### Data shown
- Opening Delimiter -
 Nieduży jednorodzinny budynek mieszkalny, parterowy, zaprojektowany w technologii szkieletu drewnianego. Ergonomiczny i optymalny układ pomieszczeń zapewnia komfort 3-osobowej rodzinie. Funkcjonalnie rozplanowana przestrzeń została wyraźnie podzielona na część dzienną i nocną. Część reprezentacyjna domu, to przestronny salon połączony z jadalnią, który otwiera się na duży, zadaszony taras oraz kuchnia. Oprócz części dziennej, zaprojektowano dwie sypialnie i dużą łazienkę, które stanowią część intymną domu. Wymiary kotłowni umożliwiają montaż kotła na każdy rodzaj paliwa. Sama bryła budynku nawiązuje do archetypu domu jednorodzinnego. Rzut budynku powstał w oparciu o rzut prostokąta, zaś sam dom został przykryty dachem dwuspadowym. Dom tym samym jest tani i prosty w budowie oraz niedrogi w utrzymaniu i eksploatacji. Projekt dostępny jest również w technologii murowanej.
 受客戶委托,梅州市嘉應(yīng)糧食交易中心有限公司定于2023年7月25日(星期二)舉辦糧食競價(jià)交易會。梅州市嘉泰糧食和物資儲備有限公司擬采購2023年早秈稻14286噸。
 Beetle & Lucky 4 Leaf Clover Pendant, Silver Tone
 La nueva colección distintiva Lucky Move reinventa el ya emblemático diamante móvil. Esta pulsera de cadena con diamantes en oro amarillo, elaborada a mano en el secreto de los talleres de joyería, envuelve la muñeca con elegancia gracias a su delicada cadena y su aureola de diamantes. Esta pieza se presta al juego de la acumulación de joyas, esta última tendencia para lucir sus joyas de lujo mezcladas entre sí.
- Closing Delimiter -
Repeat every line of the listing, word for word.

### Result for this exercise
 Nieduży jednorodzinny budynek mieszkalny, parterowy, zaprojektowany w technologii szkieletu drewnianego. Ergonomiczny i optymalny układ pomieszczeń zapewnia komfort 3-osobowej rodzinie. Funkcjonalnie rozplanowana przestrzeń została wyraźnie podzielona na część dzienną i nocną. Część reprezentacyjna domu, to przestronny salon połączony z jadalnią, który otwiera się na duży, zadaszony taras oraz kuchnia. Oprócz części dziennej, zaprojektowano dwie sypialnie i dużą łazienkę, które stanowią część intymną domu. Wymiary kotłowni umożliwiają montaż kotła na każdy rodzaj paliwa. Sama bryła budynku nawiązuje do archetypu domu jednorodzinnego. Rzut budynku powstał w oparciu o rzut prostokąta, zaś sam dom został przykryty dachem dwuspadowym. Dom tym samym jest tani i prosty w budowie oraz niedrogi w utrzymaniu i eksploatacji. Projekt dostępny jest również w technologii murowanej.
 受客戶委托,梅州市嘉應(yīng)糧食交易中心有限公司定于2023年7月25日(星期二)舉辦糧食競價(jià)交易會。梅州市嘉泰糧食和物資儲備有限公司擬采購2023年早秈稻14286噸。
 Beetle & Lucky 4 Leaf Clover Pendant, Silver Tone
 La nueva colección distintiva Lucky Move reinventa el ya emblemático diamante móvil. Esta pulsera de cadena con diamantes en oro amarillo, elaborada a mano en el secreto de los talleres de joyería, envuelve la muñeca con elegancia gracias a su delicada cadena y su aureola de diamantes. Esta pieza se presta al juego de la acumulación de joyas, esta última tendencia para lucir sus joyas de lujo mezcladas entre sí.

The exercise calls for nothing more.